Sherry Cooper
Sherry Cooper
Sherry S. Cooperis a Canadian-American economist. Cooper is currently Chief Economist for Dominion Lending Centres. She was Executive Vice-President and Chief Economist of BMO Financial Group, with responsibilities for economic forecasting and risk assessment. She comments regularly in the press on financial issues...
apply consumer cooling housing job offset sector spending
The cooling US housing sector should apply a dampener to consumer spending as 2005-2006 unfolds, but some of this could be offset by still-decent job growth.
apply consumer cooling housing job offset sector spending
The cooling U.S. housing sector should apply a dampener to consumer spending as 2005-2006 unfolds, but some of this could be offset by still-decent job growth.
apply consumer cooling housing job offset sector spending
The cooling U.S. housing sector should apply a dampener to consumer spending ... but some of this could be offset by still-decent job growth.
chair fed shift
The shift in the Fed chair will be seamless,
appears core despite distorted horizon inflation lurking measures near pipeline pop pressure pricing remain subdued vehicle
Despite the pop in core PPI inflation in July, there appears to be little pressure lurking on the horizon in the near term. The pipeline measures remain subdued and vehicle pricing appears to have distorted the figures.
attention cent despite fed growth job pay per pickup rate slack slowing wage
Despite slowing job growth momentum, the Fed is going to pay attention to the diminishing slack (the 5 per cent unemployment rate could be as low as 4.8 per cent if not for the hurricanes) and the pickup in wage pressures,
appear concern fallout financial growing growth investors markets natural occur robust sign view
Investors appear to view the growing shortfall as a natural by-product of robust U.S. growth and not a sign of flagging competitiveness, ... The concern for financial markets is that if this view ever changes, the fallout would occur rapidly.
corporate inflation pricing remains virtually
Inflation in the U.S. remains virtually non-existent, as does corporate pricing power.

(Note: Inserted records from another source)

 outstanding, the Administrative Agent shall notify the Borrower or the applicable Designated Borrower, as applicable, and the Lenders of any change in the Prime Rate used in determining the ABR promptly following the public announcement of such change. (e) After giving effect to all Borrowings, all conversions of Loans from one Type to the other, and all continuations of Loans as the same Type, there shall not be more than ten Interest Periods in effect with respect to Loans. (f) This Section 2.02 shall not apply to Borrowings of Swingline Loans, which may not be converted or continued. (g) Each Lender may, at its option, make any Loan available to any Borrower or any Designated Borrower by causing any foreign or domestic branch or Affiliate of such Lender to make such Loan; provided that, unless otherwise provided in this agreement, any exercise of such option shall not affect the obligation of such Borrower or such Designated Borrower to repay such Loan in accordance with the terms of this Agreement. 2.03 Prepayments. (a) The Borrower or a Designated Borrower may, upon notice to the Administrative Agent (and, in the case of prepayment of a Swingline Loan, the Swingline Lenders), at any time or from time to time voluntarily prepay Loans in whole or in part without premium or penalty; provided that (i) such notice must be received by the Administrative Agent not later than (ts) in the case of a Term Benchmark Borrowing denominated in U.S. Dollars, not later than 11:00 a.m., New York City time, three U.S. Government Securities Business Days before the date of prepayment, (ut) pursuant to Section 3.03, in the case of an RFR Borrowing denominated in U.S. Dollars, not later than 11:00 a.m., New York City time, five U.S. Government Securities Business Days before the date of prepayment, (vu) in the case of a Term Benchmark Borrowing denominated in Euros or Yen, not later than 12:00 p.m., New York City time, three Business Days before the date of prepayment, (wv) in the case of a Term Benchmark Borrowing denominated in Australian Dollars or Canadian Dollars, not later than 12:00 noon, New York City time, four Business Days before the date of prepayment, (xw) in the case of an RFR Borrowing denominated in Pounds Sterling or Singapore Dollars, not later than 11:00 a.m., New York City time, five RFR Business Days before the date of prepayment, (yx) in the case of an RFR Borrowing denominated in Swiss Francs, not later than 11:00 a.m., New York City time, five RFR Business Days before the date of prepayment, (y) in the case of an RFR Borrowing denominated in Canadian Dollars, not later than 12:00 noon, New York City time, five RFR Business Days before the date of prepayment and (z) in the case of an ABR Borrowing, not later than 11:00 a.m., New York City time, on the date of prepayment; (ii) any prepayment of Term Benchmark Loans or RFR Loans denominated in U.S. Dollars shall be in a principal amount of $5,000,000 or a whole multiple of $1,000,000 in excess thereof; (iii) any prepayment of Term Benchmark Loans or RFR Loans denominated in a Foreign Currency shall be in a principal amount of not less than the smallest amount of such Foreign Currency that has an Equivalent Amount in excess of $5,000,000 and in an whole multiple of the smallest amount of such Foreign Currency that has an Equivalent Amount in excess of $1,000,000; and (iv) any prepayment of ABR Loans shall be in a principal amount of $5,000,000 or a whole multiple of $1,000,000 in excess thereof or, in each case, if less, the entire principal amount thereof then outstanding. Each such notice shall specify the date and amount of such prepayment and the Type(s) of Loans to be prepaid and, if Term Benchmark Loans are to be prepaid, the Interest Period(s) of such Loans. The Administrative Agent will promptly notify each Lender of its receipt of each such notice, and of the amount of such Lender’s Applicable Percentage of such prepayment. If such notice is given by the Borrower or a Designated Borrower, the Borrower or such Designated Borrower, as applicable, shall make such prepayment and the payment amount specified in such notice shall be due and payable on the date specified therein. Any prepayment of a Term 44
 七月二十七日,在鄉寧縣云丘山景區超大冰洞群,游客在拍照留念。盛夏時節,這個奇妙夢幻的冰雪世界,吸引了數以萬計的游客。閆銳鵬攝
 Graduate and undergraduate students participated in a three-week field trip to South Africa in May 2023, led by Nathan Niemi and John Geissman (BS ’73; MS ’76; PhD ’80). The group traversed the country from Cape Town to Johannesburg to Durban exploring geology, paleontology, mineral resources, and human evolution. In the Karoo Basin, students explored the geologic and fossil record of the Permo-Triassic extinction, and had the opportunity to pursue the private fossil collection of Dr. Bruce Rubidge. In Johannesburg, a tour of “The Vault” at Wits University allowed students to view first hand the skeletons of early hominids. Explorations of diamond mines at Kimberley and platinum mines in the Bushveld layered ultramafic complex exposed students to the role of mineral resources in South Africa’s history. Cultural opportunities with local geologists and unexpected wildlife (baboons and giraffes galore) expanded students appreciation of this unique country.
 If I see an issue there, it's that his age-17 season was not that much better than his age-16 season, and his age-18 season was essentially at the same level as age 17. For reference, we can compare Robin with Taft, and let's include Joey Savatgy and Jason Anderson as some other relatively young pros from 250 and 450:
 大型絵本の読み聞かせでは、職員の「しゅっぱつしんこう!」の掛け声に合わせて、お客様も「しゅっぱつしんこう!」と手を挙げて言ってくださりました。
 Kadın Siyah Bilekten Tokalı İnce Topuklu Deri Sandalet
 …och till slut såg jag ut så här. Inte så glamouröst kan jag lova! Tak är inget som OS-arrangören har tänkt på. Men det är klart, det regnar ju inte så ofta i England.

asset cause easy ended fed inflation interest per raise rates worried
I'm not worried about inflation per se ; I'm worried about inflation in asset prices. When the Fed has been aggressively easy in the past, it's ended up having to come in and aggressively raise interest rates and cause a lot of unnecessary dislocation.
economy growth hallmark key reinforce reports stable underlying
These two key reports reinforce the underlying story of red-hot growth and stable inflation, which was the hallmark of the U.S. economy in 1999,
armed commodity concern emerge heading inflation likely pressure prices rising weaker
Armed with the weaker U.S. dollar, commodity prices heading north, and a strengthening economy, rising inflation pressure is still likely to emerge as a concern for the Fed. But not yet. Not yet.
dilemma fed financial growth inflation might outlook problem signs slower underlying
The Fed might have been in a dilemma if signs of slower growth were coupled with signs of a wage/price spiral. However, that is emphatically not the case. The underlying inflation outlook is not a problem for the Fed or the financial markets.
either fear fed few impending inflation markets reason signs slowing
The Fed and the markets will see few signs of slowing in these figures, but little reason to fear an impending inflation acceleration either ,
birds canadian dependent exports forcing industry poultry practice provincial raising rules
The Canadian poultry industry is, in general, little dependent on exports or imports, but new provincial rules forcing the confinement of birds make the practice of free-range raising more difficult.